Out of the 13 variables in our dataset, five were numerical. We chose to use four of these five: age, max heart rate, resting blood pressure and cholesterol levels. The fifth, which looks at ST wave depressions caused by exercise, was omitted because it is too complex for our needs, and correctly interpreting its meaning requires significant understanding of the biology of the heart.

In order to predict the presence of heart disease, we will use a classification model, trained on the four predictor variables mentioned above. One way we plan to visualize the results is using scatter plots comparing two predictors, with data points colored by diagnosis, and a background color indicating the prediction of the classifier (end of section 5.8 in the textbook).


### Expected Outcomes and Significance

We expect to find a relationship between our age, maximum heart rate, cholesterol level & blood pressure, and the diagnosis of heart disease. We hypothesize that we will be able to accurately predict if someone has heart disease based on specific values of these variables. Heart disease is one of the leading causes of mortality around the world. Being able to predict if someone has heart disease accurately is important because it can allow us to diagnose heart disease early and prevent life threats. Clinicians will be able to give treatment without any serious effects. Our findings can also tell us what factors are correlated with heart disease and, upon further research,  how we can adjust our lifestyle to prevent severe illness. 

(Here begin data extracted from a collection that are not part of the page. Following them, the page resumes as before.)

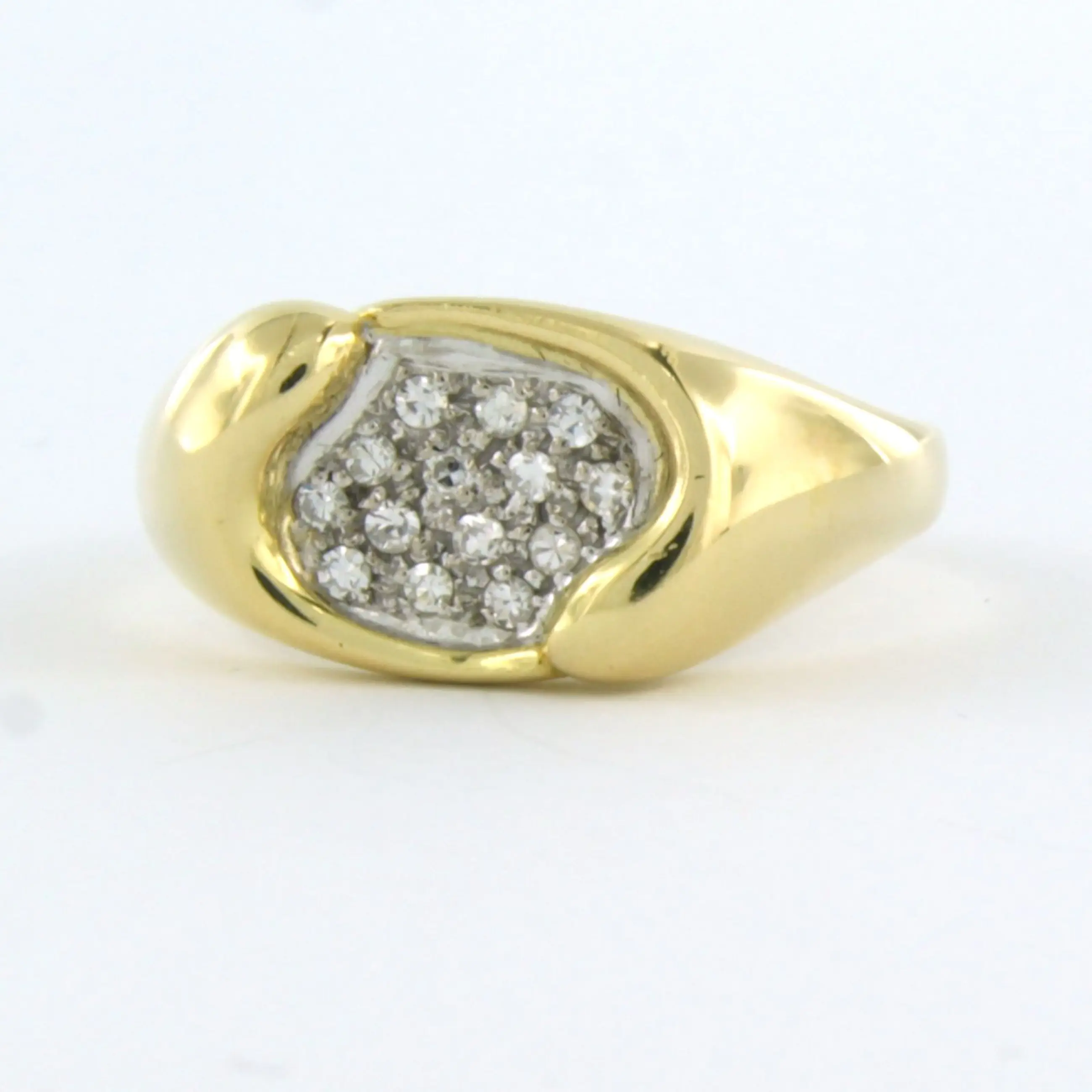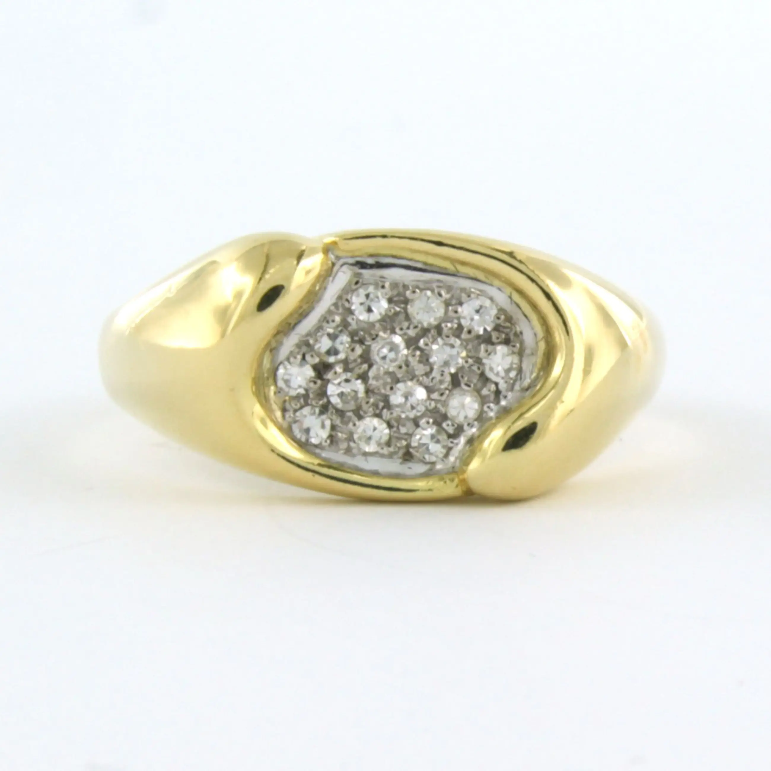 18k bicolor gouden ring bezet met single cut geslepen diamant tot. 0,14ct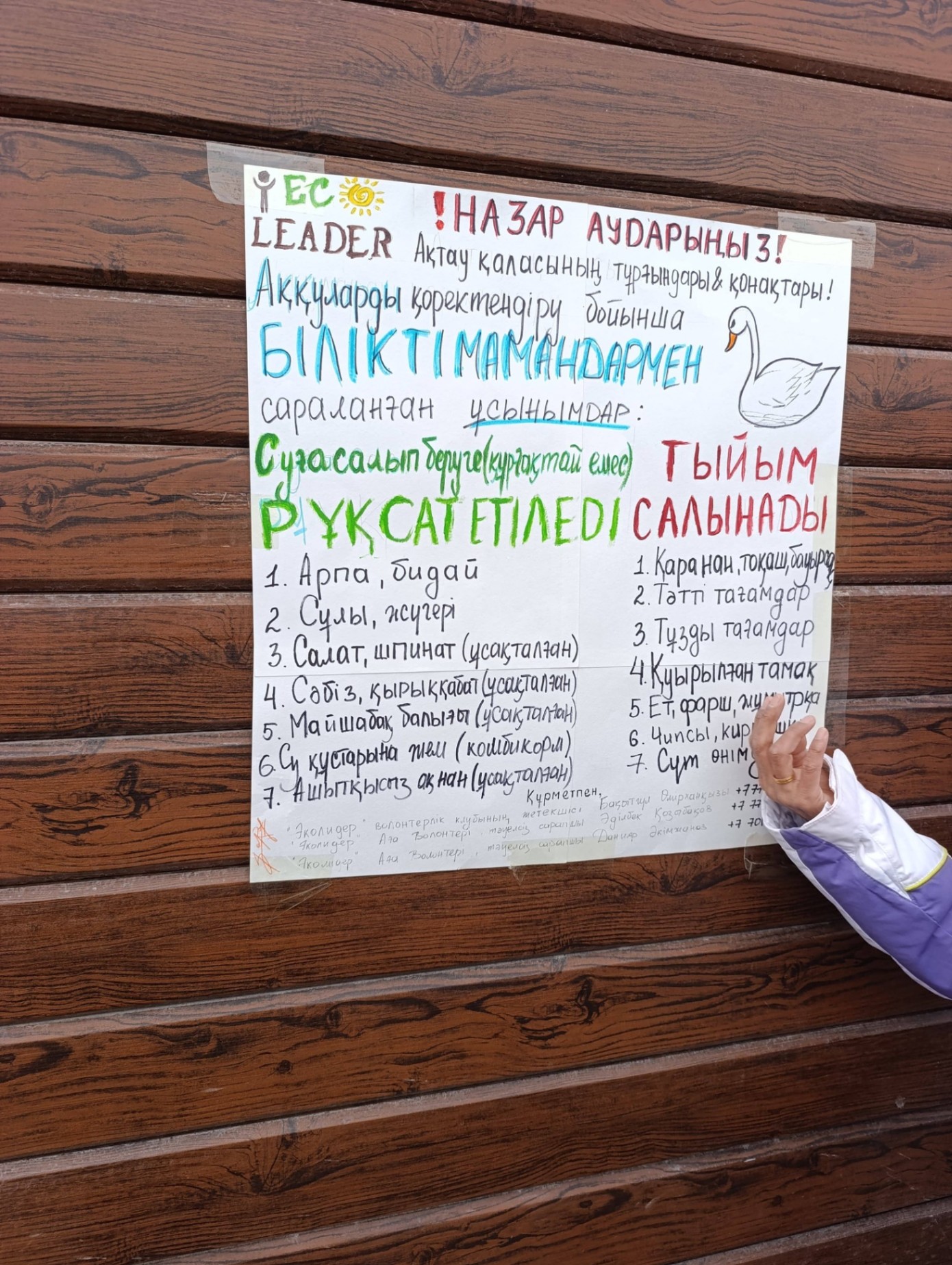 Сонымен қатар еріктілер жағалаудағы аққуларға қандай тағам беруге болмайтыны жөнінде ақпараттық тақтайшалар орнатып, тұрғындарға түсіндіру жұмыстарын жүргізді. Олар құстарға арнайы жем беріліп, табиғатты қорғау мәдениетін насихаттады.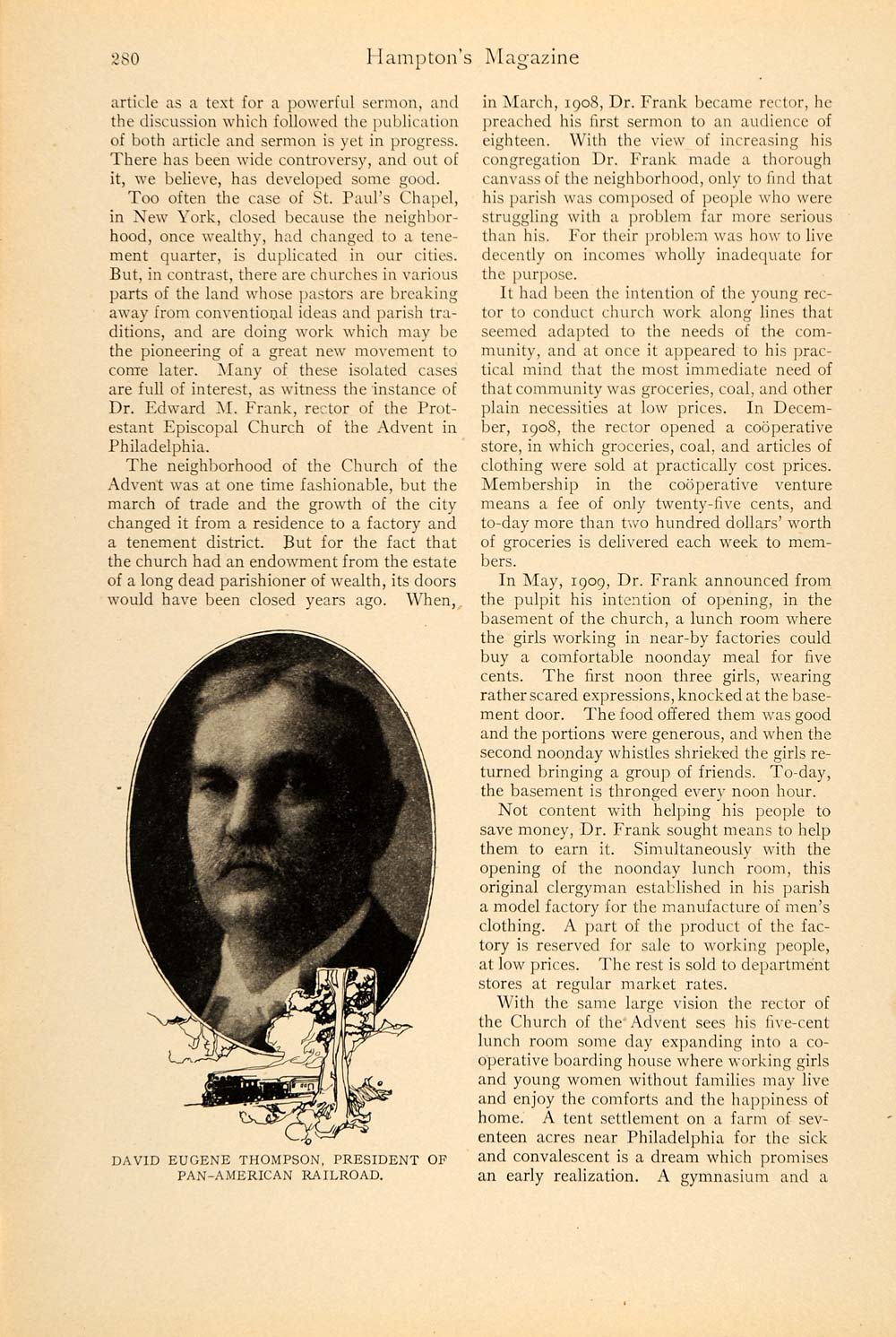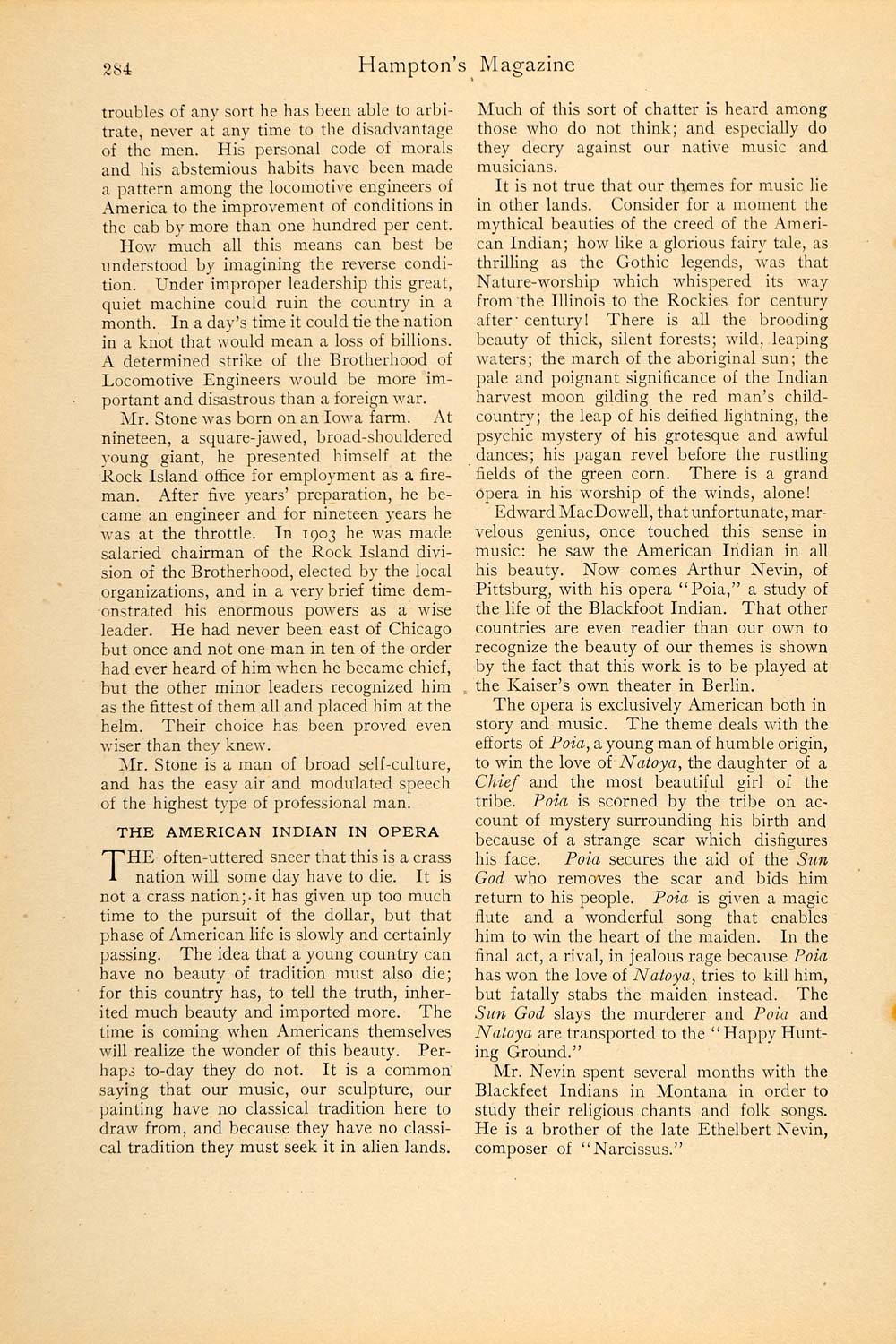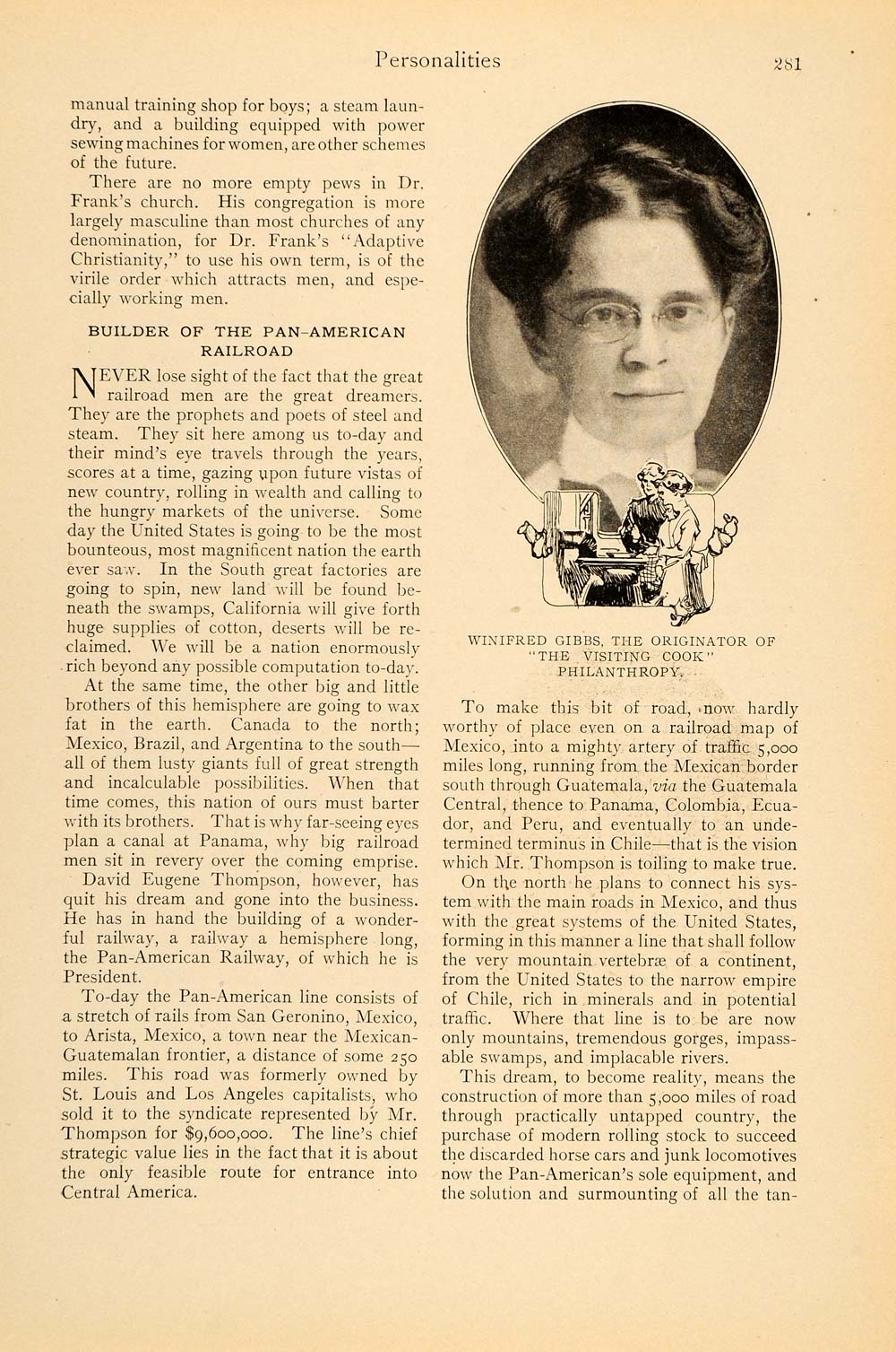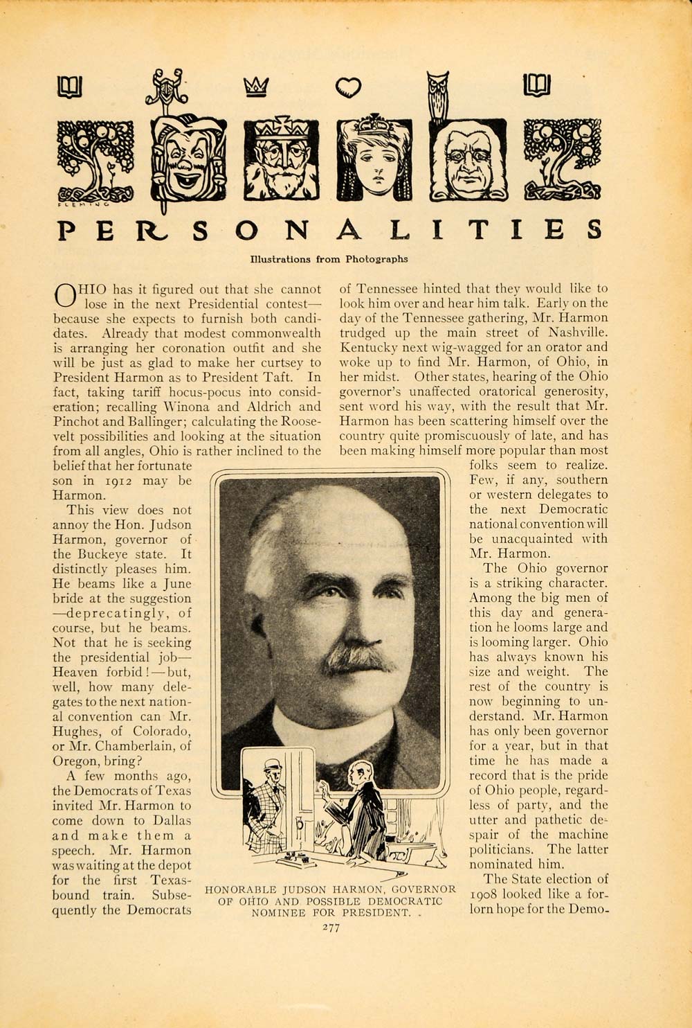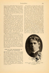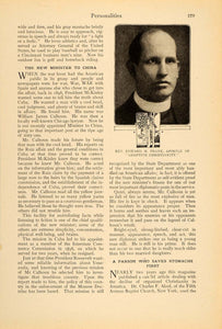 This is an original 1910 8 page article titled, "Personalities." Small articles include, "The American Indian in Opera," "Chief of the Brotherhood of Locomotive Engineers," "The Visiting Cook," "Builder of the Pan-American Railroad," "A Parson who Saves Stomachs First, and "The New Minister to China". Pictured are images of Judson Harmon-- the governor of Ohio, William James Calhoun, Reverend Edward Frank, David Eugene Thompson, Winifred Gibbs, Warren S. Stone, and Arthur Nevin. Please note that the 8 pages are printed on four pages, front and back. Please see additional images.

Our analysis can lead to several questions, such as:
- How strongly are our variables related to heart disease? Does one variable have a greater impact on the prevalence of heart disease than another? 
- What are the optimal ranges for blood pressure and cholesterol levels (at each age range) to prevent heart disease?
- Are there any confounding variables that could be affecting our findings? 
- How can our findings be extended to individuals in other parts of the world? Would geographic location impact the accuracy of our model?
- How do genetics play a role in the diagnosis of heart disease?